● **WHAT YOU NEED TO DO**: Each line in the data must be reproduced as written, except for any picture.

● **GIVEN MATERIAL**:
↓
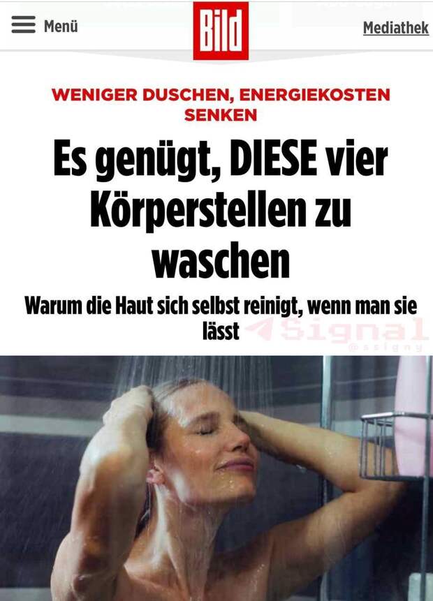1. В немецком журнале Бильд вышла статья под заголовком — «Достаточно вымыть эти четыре части тела. Почему кожа сама себя очищает». Похоже немцы всерьёз готовятся прикрутить газ и сидеть грязными, в темноте. Или, точнее, обычные немцы готовятся.
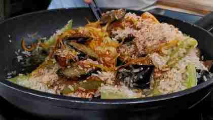 Как приготовился рис, снимаем сковороду с огня. Если рис в серединке сковороды идеальный, а по краям и у самого верха чуть суховат (такое может быть),
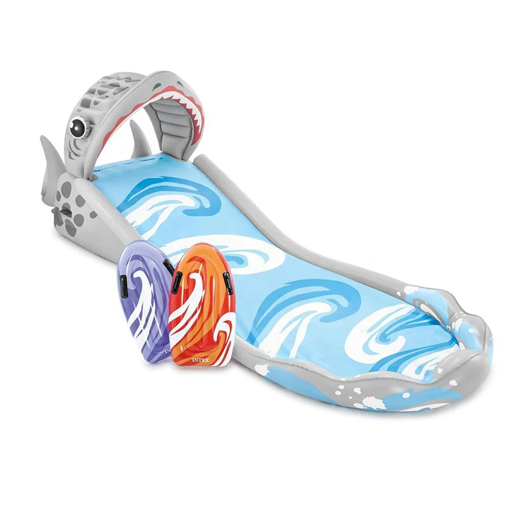 Intex 57159 SURF'N SLIDE Fun Shark Design Water Play Sports Inflatable Water Slide With 2 Surf Riders
↑
● **RESPONSE**:
1. В немецком журнале Бильд вышла статья под заголовком — «Достаточно вымыть эти четыре части тела. Почему кожа сама себя очищает». Похоже немцы всерьёз готовятся прикрутить газ и сидеть грязными, в темноте. Или, точнее, обычные немцы готовятся.
 Как приготовился рис, снимаем сковороду с огня. Если рис в серединке сковороды идеальный, а по краям и у самого верха чуть суховат (такое может быть),
 Intex 57159 SURF'N SLIDE Fun Shark Design Water Play Sports Inflatable Water Slide With 2 Surf Riders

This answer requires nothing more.